AZ-900Chapter 8 of 127Objective 1.5

Reliability and Predictability

This chapter covers two foundational cloud principles: reliability and predictability. Reliability ensures your applications stay running despite failures, while predictability means you can anticipate performance and costs. These concepts are central to the AZ-900 exam, appearing in roughly 10-15% of questions across the 'Cloud Concepts' domain (objective 1.5). By the end, you'll understand how Azure achieves high availability, disaster recovery, and consistent pricing, and you'll be ready to answer exam questions about SLAs, fault domains, and reserved capacity.

25 min read
Beginner
Updated May 31, 2026

The Reliable Hotel Chain

Imagine you're a travel agency booking rooms for clients across multiple cities. You need a hotel chain that guarantees rooms are always available when clients arrive, even if a hotel has a fire or flood. This chain operates by having multiple identical hotels in each city, each with the same room layout, amenities, and service standards. When a client books, the system automatically assigns the nearest available hotel. If one hotel goes offline, bookings seamlessly shift to another, with no client noticing. The chain also predicts future demand using historical data—if a conference is coming, they pre-book extra rooms so you never hear 'no vacancy.' They offer two service tiers: Standard (99.9% uptime, meaning you might get a few hours of downtime per year) and Premium (99.99% uptime, with dedicated backup generators and redundant staff). As a travel agency, you pay a monthly fee based on the number of rooms you anticipate needing, not per booking. This allows you to budget predictably. The chain's central system monitors occupancy, maintenance, and performance across all hotels, sending you a monthly report with guarantees. If a hotel fails to meet its uptime guarantee, you get a service credit—a discount on your next bill. This is exactly how Azure's reliability and predictability work: redundancy across regions, automatic failover, reserved capacity, and SLAs with credits for downtime.

How It Actually Works

What Are Reliability and Predictability?

Reliability in cloud computing means that a service or application continues to operate correctly and without interruption, even when underlying components fail. Predictability means that you can forecast the behavior of the system—its performance, cost, and availability—with a high degree of confidence. Together, they allow businesses to move critical workloads to the cloud without fear of unexpected downtime or budget overruns.

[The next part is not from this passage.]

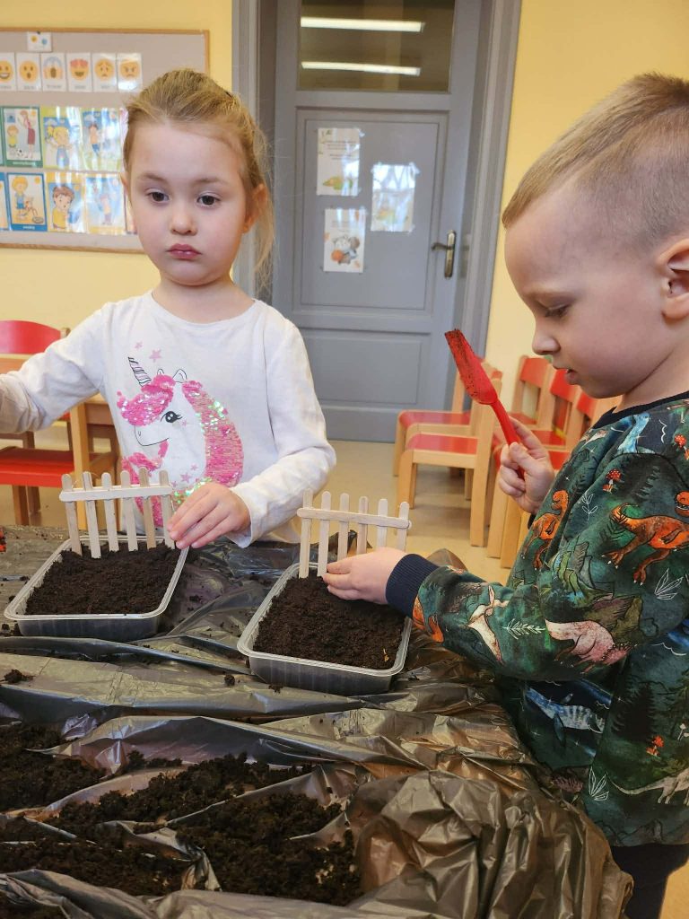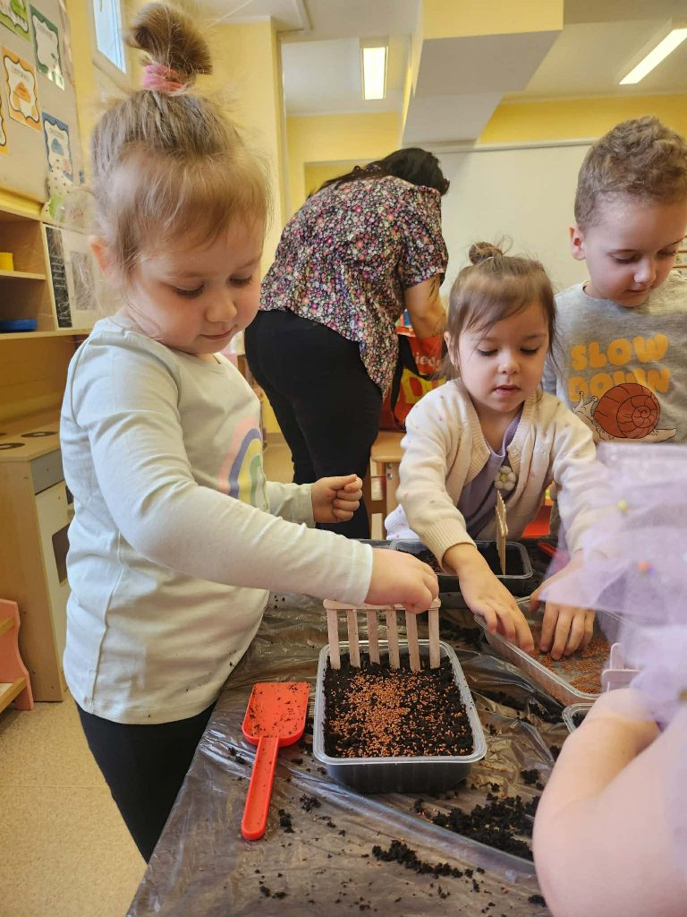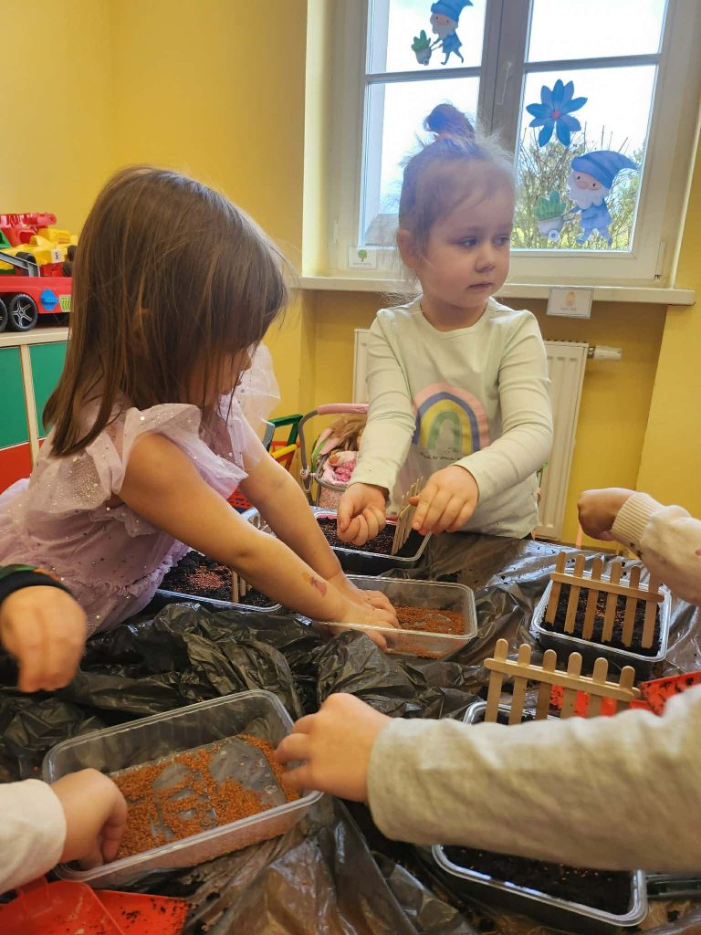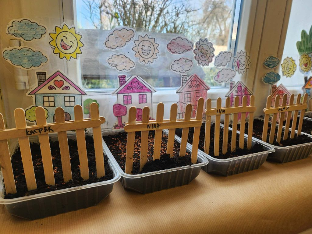 Dnia 19.03.2026r. Przedszkolaki samodzielnie zasiały rzeżuchę, która zajęła miejsce na naszych parapetach, tworząc piękny kącik przyrody w sali. Przez cały tydzień dzieci z troską podlewały swoje roślinki i uważnie obserwowały, jak kiełkują i rosną.Podczas zajęć przedszkolaki uczyły się odpowiedzialności i samodzielności, poznawały tajniki przyrody oraz proces wzrostu roślin. Dzięki codziennej pielęgnacji rozwijały spostrzegawczość i wrażliwość na przyrodę, ucząc się, jak dbać o otaczający je świat.

The Business Problem They Solve

On-premises, building reliability requires massive capital investment in redundant hardware, backup generators, and disaster recovery sites. Even then, failures happen. Predictability is also hard: capacity planning is guesswork, and costs spike when you need to scale. Azure solves this by abstracting hardware management and offering built-in redundancy, global scale, and multiple pricing models.

How Azure Achieves Reliability: Regions, Availability Zones, and Redundancy

Azure operates from data centers grouped into regions (e.g., East US, West Europe). Each region is paired with another region hundreds of miles away to form a region pair. Data is replicated between pairs for disaster recovery. Within a region, availability zones are physically separate data centers with independent power, cooling, and networking. By deploying resources across multiple zones, you protect against a single data center failure.

Step-by-Step Mechanism for High Availability

1.

Design for redundancy: Deploy at least two instances of a virtual machine (VM) or service across availability zones or regions.

2.

Use load balancers: Azure Load Balancer or Application Gateway distributes traffic to healthy instances.

3.

Monitor health: Azure Health Monitoring detects failures and automatically reroutes traffic.

4.

Failover: If an instance or zone fails, traffic moves to healthy instances without manual intervention.

5.

Data replication: Azure Storage, SQL Database, and Cosmos DB replicate data synchronously or asynchronously to ensure durability.

Key Components and Tiers

Service Level Agreements (SLAs): Formal commitments for uptime and connectivity. For example, a single VM has a 99.9% SLA; two VMs in an availability set have 99.95%; two VMs in availability zones have 99.99%.

Availability Sets: Logical grouping of VMs that spreads them across fault domains (hardware racks) and update domains (maintenance schedules).

Availability Zones: Physical separation within a region.

Azure Site Recovery: Replicates workloads from one region to another for disaster recovery.

Reserved Instances: Pre-pay for VM capacity for 1 or 3 years to get up to 72% discount, providing cost predictability.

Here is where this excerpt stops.